Does really buy-side make more than sell-side

So switching from issuer to investor.

From banking to private credit. Does associate in private credit really necessarily make more than banking?

Please don’t project just based on the real case example on compensation

2 Comments
 

Based on the most helpful WSO content, the comparison between buy-side (e.g., private credit) and sell-side (e.g., investment banking) compensation is nuanced and depends on several factors, including the firm, role, and individual performance.

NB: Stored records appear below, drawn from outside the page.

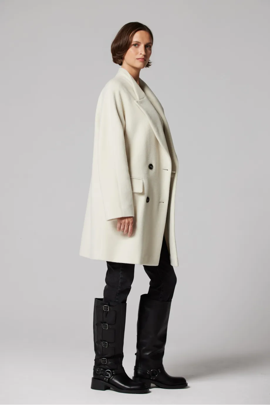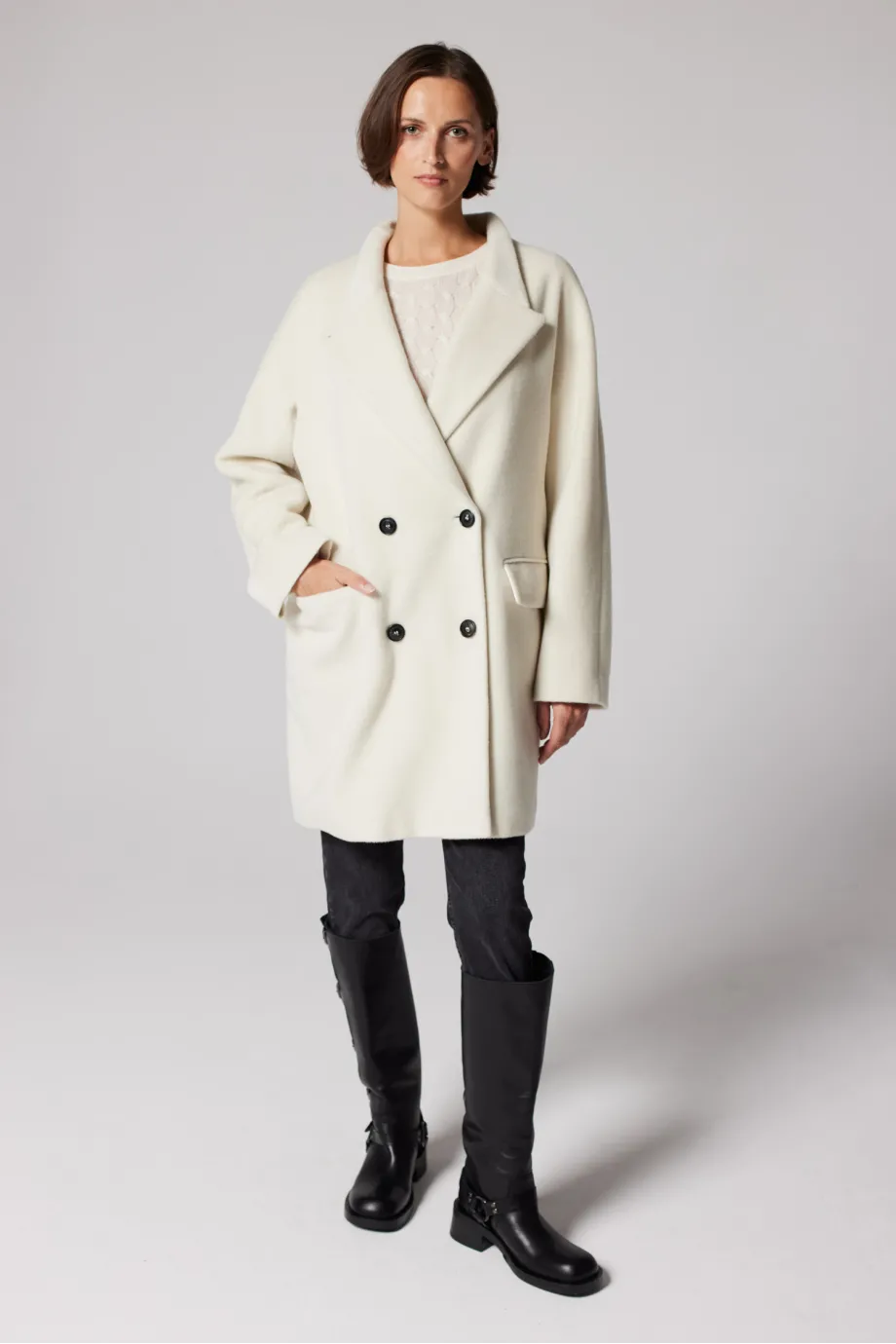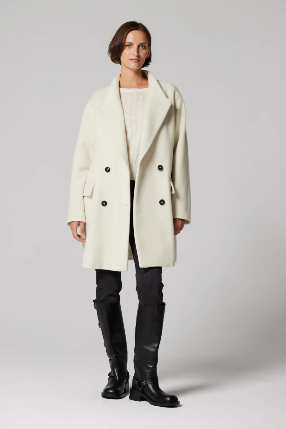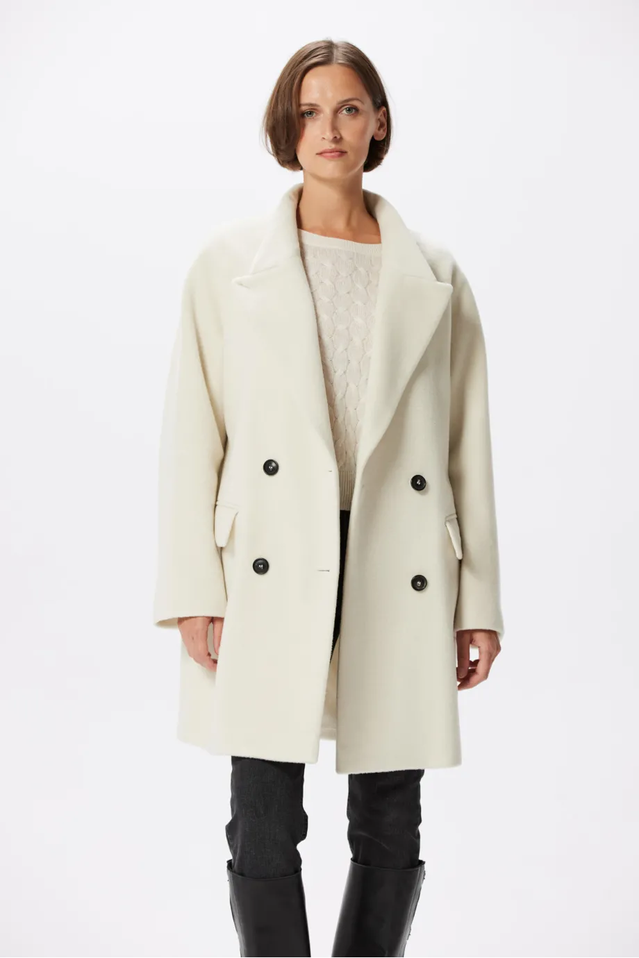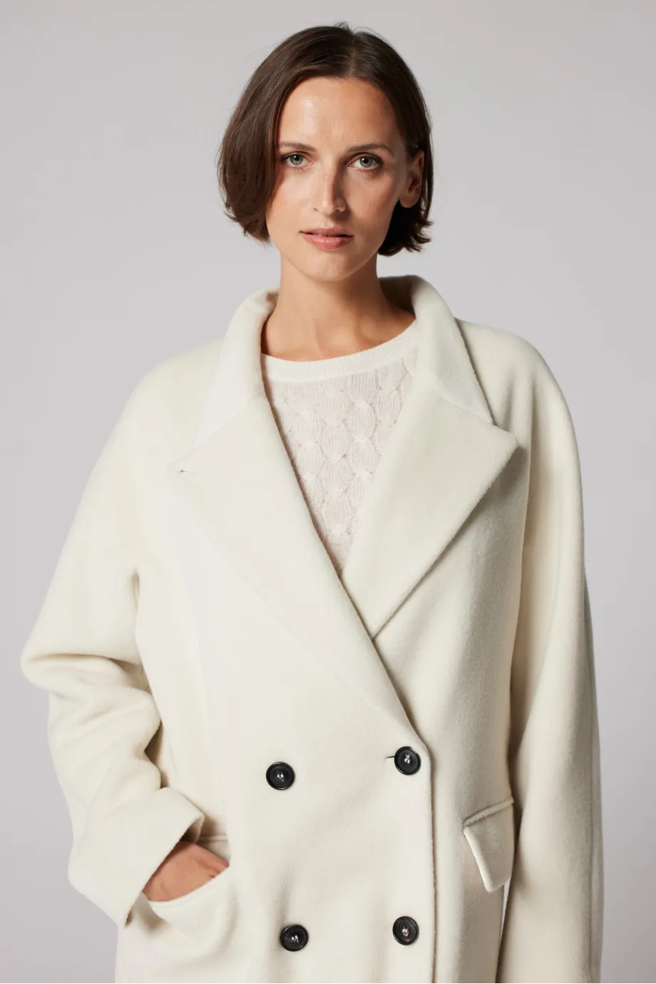 Weißer Wollmantel Doppelreihig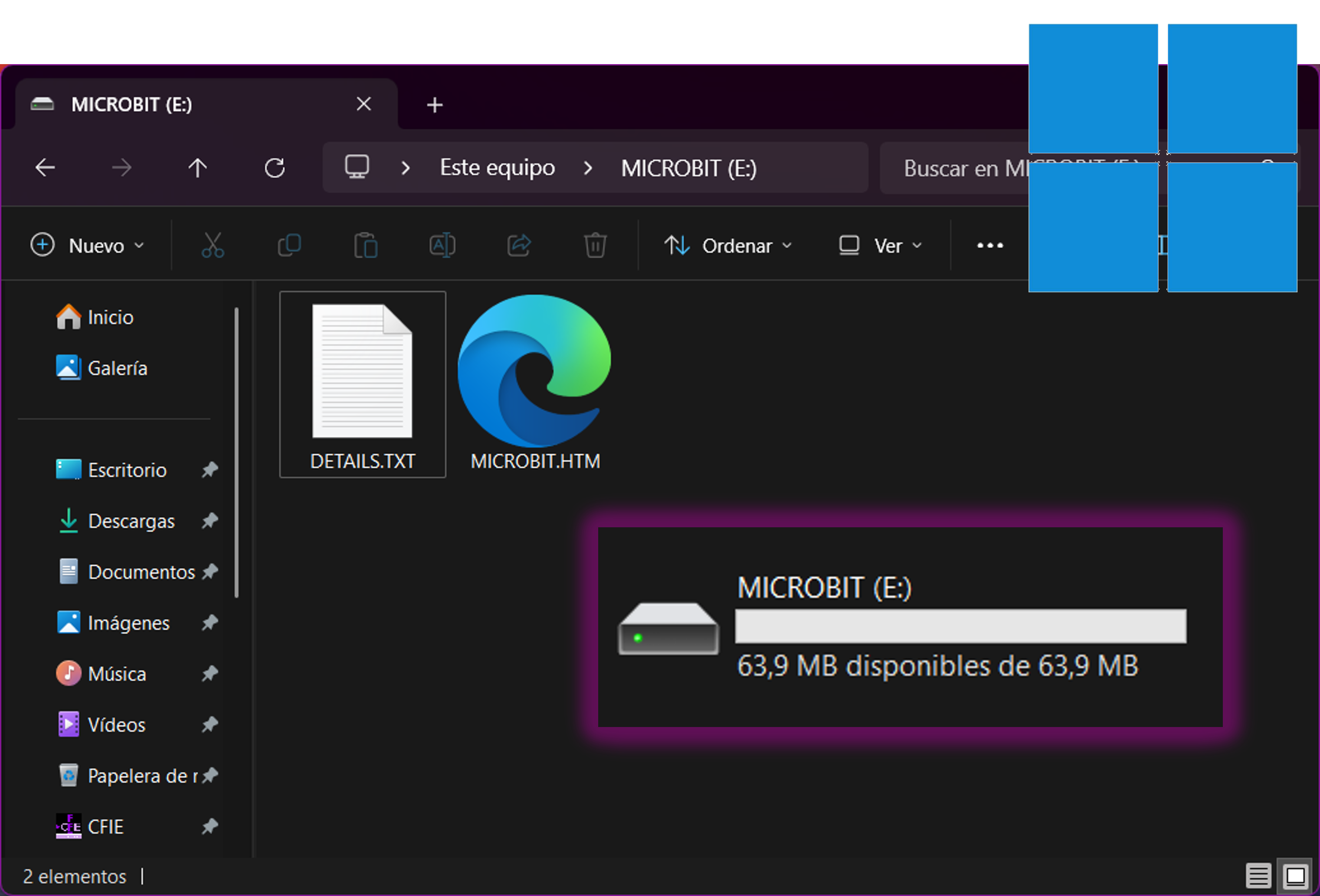 Una vez completada la actualización, la micro:bit se reiniciará, expulsándose del ordenador, y volverá a aparecer el modo de unidad MICROBIT normal.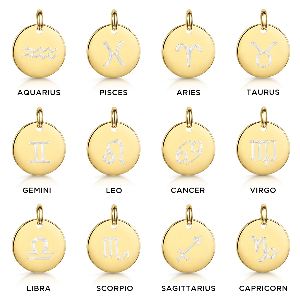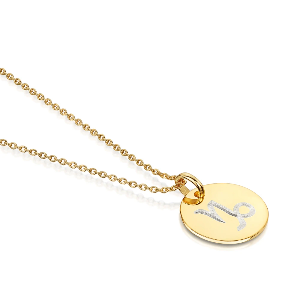 18K gold plate on solid silver pendant featuring one of the 12 Zodiac Constellations on the front and a personal engraved message on the reverse. This personalised necklace from MYRI London is a beautifully formed and exquisitely finished piece. A contemporary update on a timeless design, simply choose for the appropriate Zodiac to be engraved on the front and compose a custom message on the reverse. Intended to last a lifetime, the necklace is an enduring favourite in any jewellery collection. The piece is expertly finished with a traditional diamond-cut engraving for a wonderfully personal touch.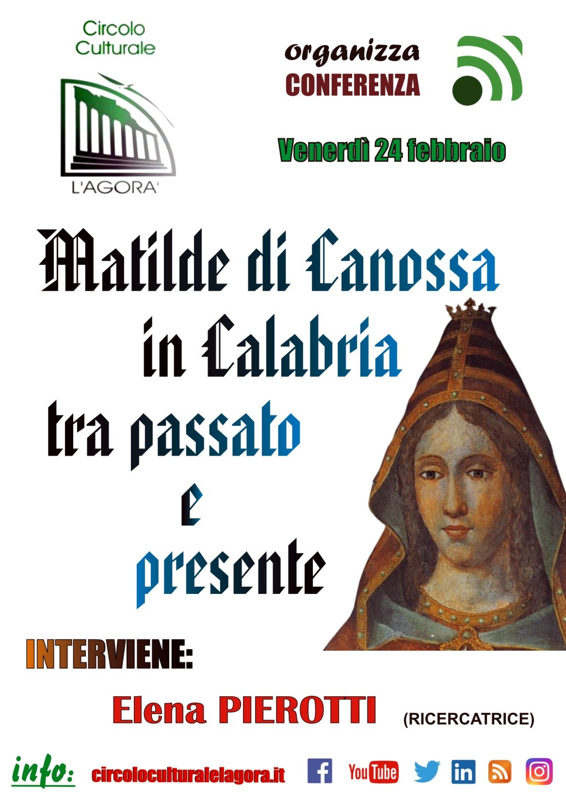 “Matilde di Canossa in Calabria tra Passato e Presente” è stato il titolo della conversazione organizzata dal Circolo Culturale “L’Agorà”, alla quale ha partecipato, in qualità di relatore, la ricercatrice toscana Elena Pierotti. La studiosa lucchese, presente in diversi incontri organizzati dal sodalizio culturale reggino, nel corso del suo intervento, ha posto la sua attenzione ad una conferenza organizzata proprio dal Circolo Culturale “L’Agorà” tenutasi a Reggio Calabria il 5 marzo del 1998 sul tema “I Normanni e la conquista della Calabria”. Alcuni studi che ho condotto su Matilde di Canossa ed i suoi feudatari – afferma la gradita ospite del sodalizio organizzatore reggino - mi riporta necessariamente alle osservazioni prodotte dal Circolo Culturale “L’Agorà” proprio sui rapporti con i normanni. Il Circolo culturale fece riferimenti importanti a Boemondo d’Altavilla e a Dagoberto, vescovo di Pisa, che collaborarono. Boemondo fu una pietra miliare della prima crociata, eppure il personaggio è davvero poco seguito. Da queste premesse introduttive, la gradita ospite del Circolo Culturale “L’Agorà” ha poi affrontato il tema della giornata di studi in argomento. Matilde di Canossa, tra le donne più influenti del Medioevo, giocò un ruolo centrale nello scontro tra il papa e l’imperatore durante la cosiddetta lotta per le investiture. La vicenda del conflitto tra papato e impero si protrasse a lungo e Matilde partecipò alle alterne fortune di questa lotta assurgendo a protagonista dei grandi fatti storici del suo tempo. Matilde visse dal 1046 al 1115 e regnò su Lombardia, Emilia, Toscana, Umbria ed in altre zone della Penisola. A Bova vi è un castello che Matilde di Canossa ricevette dal Pontefice Gregorio VII. Il maniero sorge in cima ad uno sperone roccioso e dall’alto domina il borgo di Bova, in Calabria. Al castello sono legate diverse leggende. Sulla cima, scavata in un macigno, è ancora visibile l’orma di piede di una donna. L’orma sarebbe appartenuta secondo una prima leggenda alla Contessa Matilde di Canossa, che aveva ricevuto il castello dal Pontefice Gregorio VII”. Leggenda? Queste alcune delle cifre che sono state oggetto di anali da parte della ricercatrice toscana Elena Pierotti, gradita ospite del sodalizio culturale reggino. Altro punto di contatto tra Matilde di Canossa e la Calabria riguarda alcune vicende che si verificarono intorno all’anno 1070, quando un gruppo di monaci benedettini provenienti dalla Calabria si fermò in una stretta valle fra i boschi delle Ardenne. Le origini dell’importante complesso abbaziale di Orval, vengono menzionate in un saggio dello storico ed accademico francese Robert Fossier dove “Matilde di Canossa, duchessa di Lorena e zia di Goffredo di Buglione, i monaci ottennero il permesso di costruire un'abbazia”. La figura e le gesta di Matilde di Canossa si intrecciano in una fitta rete di storie, misteri e leggende legate non solo all'abbazia di Orval ma anche ai monaci provenienti dalla Calabria. A tal proposito vi è una lettura secondo la quale vi era la presenta di Pietro l’Eremita, che parteciperà alla Prima Crociata e sarà uno dei grandi elettori a "Re di Gerusalemme" di Goffredo di Buglione, nipote di Matilde. Un’altra leggenda riferisce che Matilde di Canossa era andata a cercare conforto presso l’insediamento monasteriale, poiché aveva perso l'unico figlio di otto anni e il marito Goffredo il Gobbo, duca di Lorena, brutalmente ucciso a Vlaaedingen il 22 febbraio del 1076. Un'altra leggenda narra che Matilde di Canossa era andata a cercare consolazione presso alcuni eremiti che si trovavano in quel territorio, poiché aveva perso l'unico figlio e il marito. Indossava un anello d'oro con rubino, regalo del marito nel giorno delle nozze, quando si sedette sul bordo di una fontana e l'anello le cadde nell'acqua. Dopo aver pregato la Vergine per tornare in possesso dell'anello, un pesce apparve sulla superficie dell'acqua con l'anello in bocca. Tale fu la gioia davanti al prodigio che decise di chiamare il luogo sacro, segnato dall’opera dei monaci calabresi, “valle d’oro”. “Aurea vallis”. I misteri di Matilde e dei Canossa iniziano con le loro origini che affondano nelle nebbie della storia. Dati certi che Matilde di Canossa nella seconda metà dell'XI secolo svolse un ruolo chiave nella lotta fra impero e papato. Queste alcune delle cifre che sono state oggetto di anali da parte della ricercatrice toscana Elena Pierotti. Tenuto conto dei protocolli di sicurezza anti-contagio e dei risultati altalenanti della pandemia di COVID 19 e nel rispetto delle norme del DPCM del 24 ottobre 2020 la conversazione sarà disponibile, sulle varie piattaforme Social Network presenti nella rete, a far data da venerdì 24 febbraio

  1. Compensation Comparison:

    • At the associate level, private equity (and by extension, private credit) often offers higher bonuses compared to investment banking. For example, bonuses in private equity can reach 150%+ of the base salary, whereas in investment banking, bonuses are typically lower, with 100%+ being rare at the associate level in most banks.
    • However, base salaries in private credit or private equity may sometimes be slightly lower than in investment banking, especially when transitioning directly from an associate role in banking to a similar role in private credit.
  2. Long-Term Upside:

    • A significant appeal of the buy-side is the potential upside from investments in the fund and carry agreements. However, this comes with risks, as the investments might underperform, and your economics are tied up for the duration of the investment.
    • On the sell-side, compensation tends to be more cash-oriented and predictable year-to-year, with banks increasingly tying compensation to longer-term equity incentives.
  3. Real Case Examples:

    • In some cases, associates in private credit or private equity may earn less than their counterparts in investment banking, especially when considering base salary alone. For instance, a mid-senior associate in investment banking might earn a higher base salary than a newly transitioned associate in private credit.
    • Conversely, the total compensation (base + bonus) in private credit can surpass that of investment banking, particularly for high-performing associates or those at top-tier funds.
  4. Key Considerations:

    • The decision to switch from banking to private credit should not solely hinge on compensation. Factors like work-life balance, career trajectory, and personal interest in the investor-side role should also weigh heavily in the decision.
    • It's also worth noting that private credit roles may not always offer the same camaraderie or structured career progression as investment banking.

In summary, while private credit associates can potentially make more than their banking counterparts, it is not a guaranteed outcome and depends on the specific circumstances of the role and firm.

Sources: From Private Equity Associate to VP in Private Equity, Banking vs. The Buy-side: 10.5 considerations, Private Equity Pay vs. Investment Banking Salary, Private Equity vs. Private Credit, Private Wealth Management/Private Banking Guide for Associates

I'm an AI bot trained on the most helpful WSO content across 17+ years.